Seine Lust am Femizid zeigte Erdogan auch mit dem Aufstieg des IS im Jahr 2014, den er als stellvertretende Söldnertruppe gegen die Kurd:innen in Rojava und Başûr einsetzte, insbesondere gegen die ezidischen Frauen aus Şengal, die er zu vernichten und zu versklaven versuchte. Sein Plan wurde jedoch durch die Tapferkeit von Frauen vereitelt, die sich den Frauenschutzeinheiten (YPJ) anschlossen und Frauen auf der ganzen Welt mit ihren militärischen Erfolgen gegen den IS inspirierten.
Um seine Wut über den Aufstieg der YPJ zu zeigen, besetzte Erdogan auch die kurdische Region Efrîn in Rojava in einem brutalen Angriff, der gegen jedes Völkerrecht verstieß. Tragischerweise haben weder die UN noch die NATO oder die EU Erdogan und die türkische Besatzung von Efrîn gestoppt, die nun vier Jahre später weiterhin jedes nur denkbare Kriegsverbrechen begeht.
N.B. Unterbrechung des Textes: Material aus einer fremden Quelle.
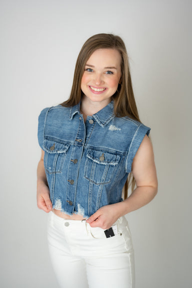 Add a little edge to your outfit with the Molly Bracken Leather Button Vest! This chic vest brings a fun twist to layering, featuring sleek leather...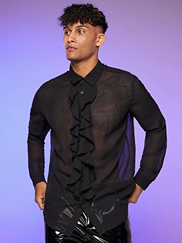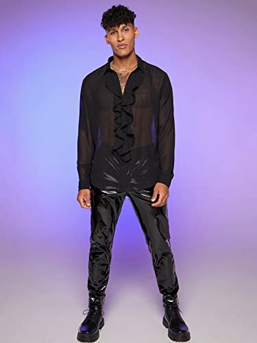 Verdusa Men's Long Sleeve Sheer Mesh Ruffle Trim Button Down Shirt Top

Viele dieser Verbrechen richten sich gegen Frauen, wie z. B. Entführungen, Vergewaltigungen, Raub, sexuelle Versklavung, Zwangsehe, Folter und Mord.
Nach dieser Beschwichtigung marschierte Erdogan im Jahr 2019 in die kurdischen Städte Serêkaniyê (Ras al-Ain) und Girê Spî (Tall Abyad) ein und besetzte sie, wobei er seine ehemaligen IS-Dschihadisten als Söldner gegen die Frauen der kurdischen Freiheitsbewegung einsetzte. Seitdem setzt der türkische Staat seine Killerdrohnen ein, um über dem Himmel von Rojava zu schweben und kurdische politische Vertreterinnen zu ermorden, unter eklatanter Missachtung des Völkerrechts und des menschlichen Anstands. Je mehr kurdische Frauen sich in Frauenstrukturen und -organisationen organisieren, desto mehr bombardiert Erdogan sie, denn nichts fürchtet er mehr als eine freie kurdische Frau.
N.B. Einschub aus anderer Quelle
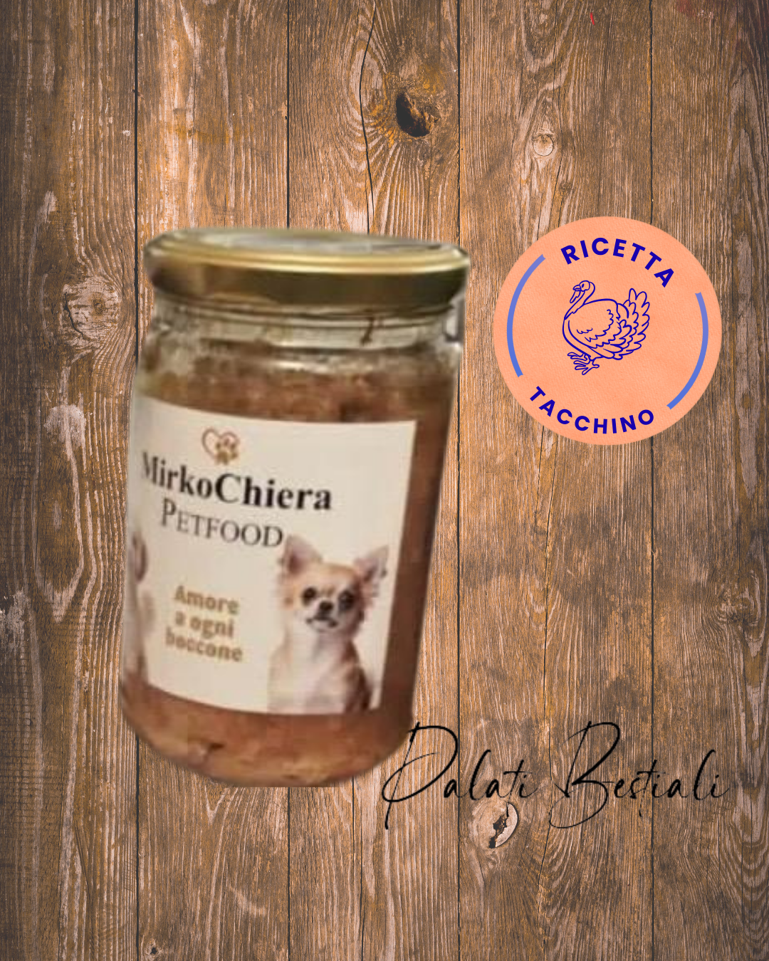 Composizione: Petto di Tacchino 65% , Patata Dolce, Carota, Sedano, Mela, Mirtilli, Olio Girasole, Guscio d' Uovo Essiccato, Omega3, VIntegra, Zeolite attivata, Rosa Canina, Coriandolo.

Diese Luftangriffe erstrecken sich auch auf den Irak beziehungsweise Başûr, wo Erdogan Frauen im Flüchtlingslager Mexmûr und in Dörfern entlang der Grenze angreift, die seine Armee zu besetzen versucht. Wann immer Erdogan auf bewaffneten Widerstand gegen seine Kriegsverbrechen stößt, gibt er nach und begeht weitere, indem er illegale chemische Waffen gegen die kurdische Guerilla einsetzt. Jene Guerilla, die bewiesen hat, dass sie seine Streitkräfte in einem fairen Kampf besiegen kann.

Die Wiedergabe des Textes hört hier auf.